### Problem statement
The lines in the listing below are to be given again exactly, starting at the line holding "3pcs Flock of" and ending at the line holding "Sykkelrulle fra Tacx". Do not include pictures.

◇ ◇ ◇ ◇ ◇

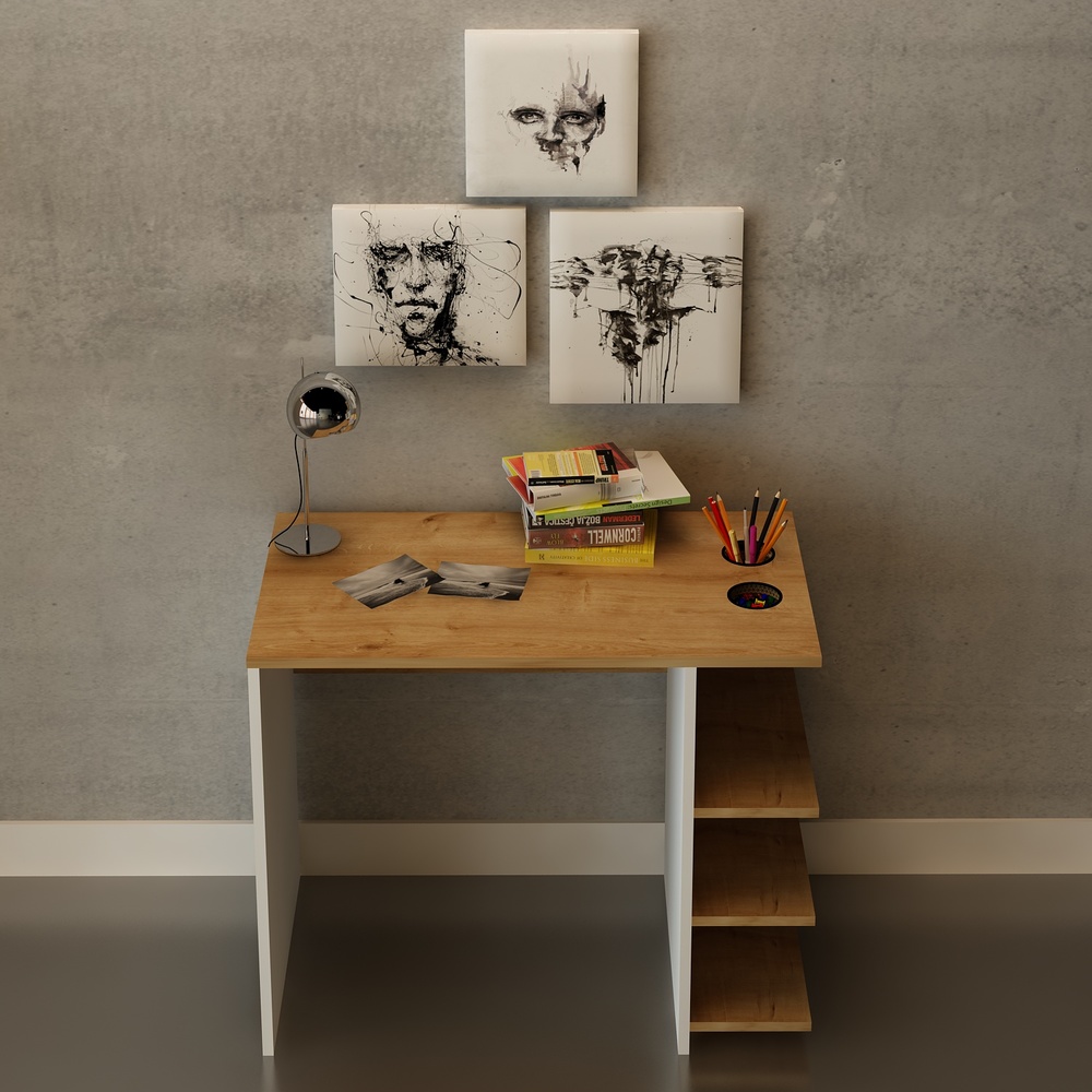 Fly Metal Ayaklı Meşe Çalışma Masası
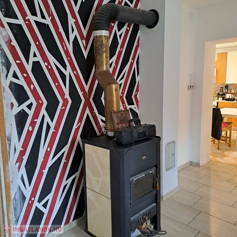 Fűtése egy rendszerről, kombi gáz cirkóval és vízteres kandallóval üzemeltethető, mely a 2. lakásban van.
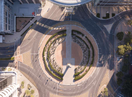 Aerial view of empty streets in in a city during Corona virus lockdown
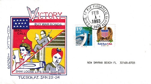 | Hand cancellation: "PHF PHILATELIC CENTER, TUCSON, AZ USPS FEB 1 1993". |
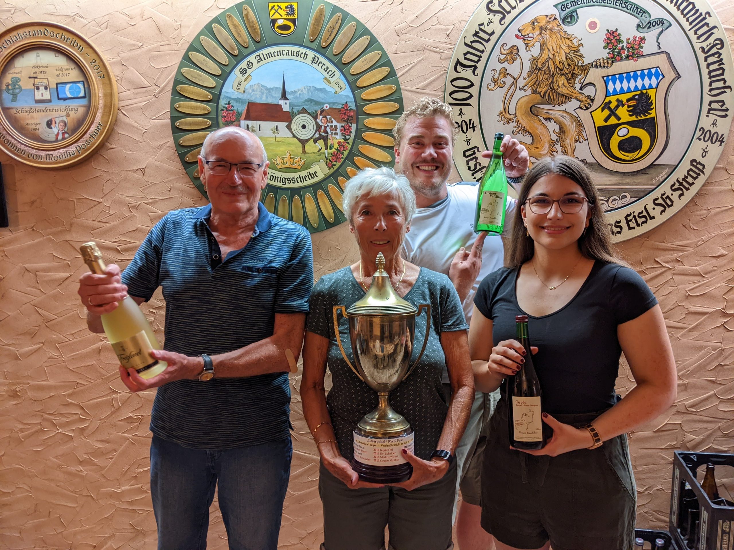 Höhepunkt des Triathlons ist immer die Bekanntgabe, wer den „Loserpokal“ bekommt. Dabei handelt es sich um einen fast schon „antiken“ Wanderpokal. Nachdem der Pokal die letzten Jahre immer im Brodhauser Besitz war, war man gewillt, diesen Pokal dieses Jahr den Gastgebern zu überlassen. Leider ging dieses Vorhaben auch dieses Jahr schief und so holte Lisbeth Sperrer (exakt 10 Jahren nachdem Sie den Pokal schon einmal gewonnen hatte) den Pokal erneut nach Brodhausen. Im Anschluss an die Siegerehrung bewiesen die Schützen auch nach den Corona-bedingten Ausfällen der letzten Jahre wieder, dass nicht nur ihre Kondition beim Schießen sehr gut ist, sondern auch das Sitzfleisch gut trainiert ist. Erst nach Mitternacht fand das lustige Treiben ein Ende. Auch wenn man die weiteren Entwicklungen rund um das Thema Corona noch nicht abschätzen kann, waren sich alle Beteiligten einig, dass diese gelungene Veranstaltung nach Möglichkeit auch in den weiteren Jahren fortgeführt werden soll.
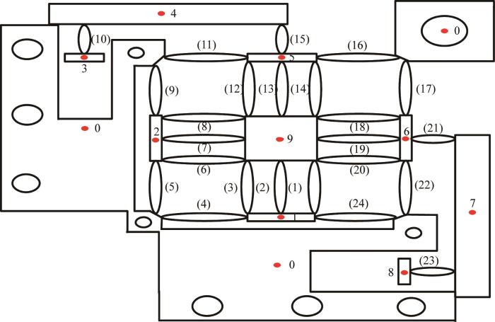 通过离散化,连续结构可被划分为有限数量的节点和单元[14 ] 。本文所设计的精密运动平台可以被离散化为由多个柔性单元和集中质量节点构成的结构,如图6 所示。将各柔性单元和集中质量节点依次进行编号,各柔性单元编号为q (q =1, 2, …, 24),集中质量节点编号为p (p =1, 2, …, 9);所有固定边界条件均标记为0。该精密运动平台的输入力分别作用于节点3或节点8,其输出端对应节点9。
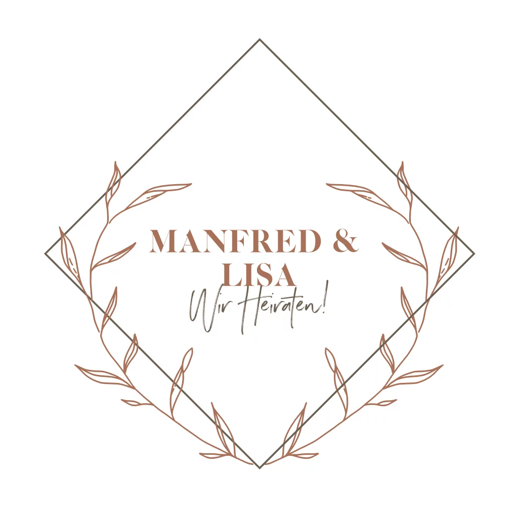 Quadratische Einladungskarte zur Hochzeit. Die helle Karte hat einen braunen geometrischem Rahmen, der von Greenery Zweigen umschlungen wird.
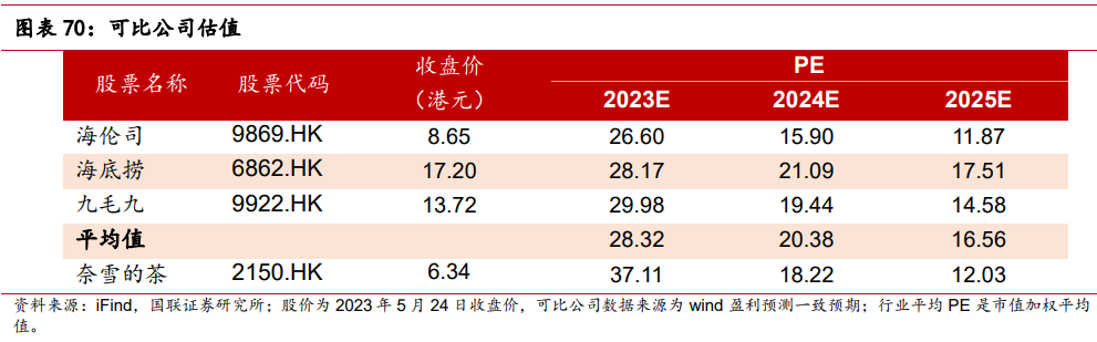 相对估值:我们预测23-25年EPS分别为0.17/0.34/0.57元。目前国内同行业可比公司较少,选取港股连锁餐饮龙头海伦司、海底捞,以及九毛九作为可比标的。目前奈雪还处于快速展店阶段,预计2023年可实现扭亏但多数门店经营尚未稳定,2024年仍处于高速增长轨道,预计到2025年将大致接近海底捞等门店数量较为稳定的餐饮龙头估值水平。
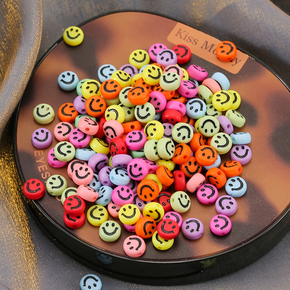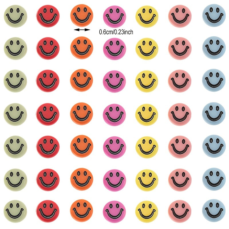 Add a touch of cheer to your DIY jewelry projects with these 6mm multicolor acrylic happy face beads. These plastic flat round smiling beads are perfect for creating fun and vibrant bracelets and other accessories.
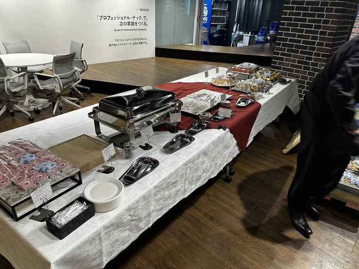 法人専門のケータリングとして、企業イベントや懇親会を多数サポート。A5和牛のローストビーフや新鮮な握り寿司など上質な料理を、プロスタッフがスムーズにご提供。全プランにメニューカードとアレルギー表記付きで幹事様も安心。問い合わせから当日の設営・運営・撤収まで対応し、オフィスや会議室を特別な空間に変える洗練されたパーティー体験をお届けします。
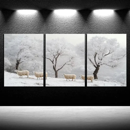 3pcs Flock of Sheep in Snow Metal Print Ready to Hang Art
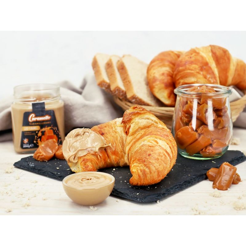 Hochwertige Karamellcreme aus weißem Karamell und goldener Schokolade. Ideal zum Verfeinern von Speisen wie Gebäck, Kuchen und Torten, als Aufstrich oder Füllung für Pralinen. Ein erhabener Geschmack mit Noten von Toffee, Butter, Sahne, ergänzt durch eine Prise Salz!
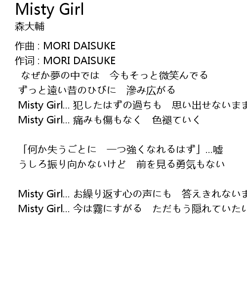 | Misty Girl... 痛みも傷もなく 色褪ていく | |
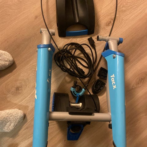 Sykkelrulle fra Tacx selges grunnet overgang til Kickrbike. Fruen ville ha en sykkel vi kan dele på. Rullen fungerer utmerket. Regelmessig i bruk. Kan selges med sykkel som kan sitte på rullen for å spare egen sykkel. Passer til ryttere fra 180-188 ish. Er selv 184 cm høy. Sykkelen er preget av innendørs bruk. Rulle selges for 6000kr. Med sykkel 7000kr.
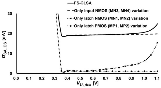 In addition, in the FS-CLSA (Figure 4a), because σSA_OS is dominantly determined by the input NMOSs, σSA_OS can be effectively reduced by canceling only the offset in the input NMOSs. Figure 7 shows σSA_OS of the FS-CLSA according to the SA input voltage (VSA_data) when process variation is applied only to the input NMOSs (MN3 and MN4), only to the latch NMOSs (MN1 and MN2), only to the latch PMOSs (MP1 and MP2), and to all the transistors. Figure 7 clearly shows that σSA_OS is more sensitive to the input NMOSs than to the transistors because the input NMOSs operate in the saturation region, whereas the latch NMOSs operate in the linear region. Thus, the VTH mismatch between MN1 and MN2 becomes less sensitive. Meanwhile, the latch PMOSs do not operate at the initial sensing period. Thus, the VTH mismatch between MP1 and MP2 becomes negligible. The variation in the latch NMOSs of the FS-CLSA has more effect on the σSA_OS as VSA_data increases because the initial voltage in the small parasitic capacitance between MN1 (MN2) and MN3 (MN4) is discharged much faster with increasing VSA_data, resulting in the latch NMOSs operating in the saturation region.

◇ ◇ ◇ ◇ ◇

### Answer space
 3pcs Flock of Sheep in Snow Metal Print Ready to Hang Art
 Hochwertige Karamellcreme aus weißem Karamell und goldener Schokolade. Ideal zum Verfeinern von Speisen wie Gebäck, Kuchen und Torten, als Aufstrich oder Füllung für Pralinen. Ein erhabener Geschmack mit Noten von Toffee, Butter, Sahne, ergänzt durch eine Prise Salz!
 | Misty Girl... 痛みも傷もなく 色褪ていく | |
 Sykkelrulle fra Tacx selges grunnet overgang til Kickrbike. Fruen ville ha en sykkel vi kan dele på. Rullen fungerer utmerket. Regelmessig i bruk. Kan selges med sykkel som kan sitte på rullen for å spare egen sykkel. Passer til ryttere fra 180-188 ish. Er selv 184 cm høy. Sykkelen er preget av innendørs bruk. Rulle selges for 6000kr. Med sykkel 7000kr.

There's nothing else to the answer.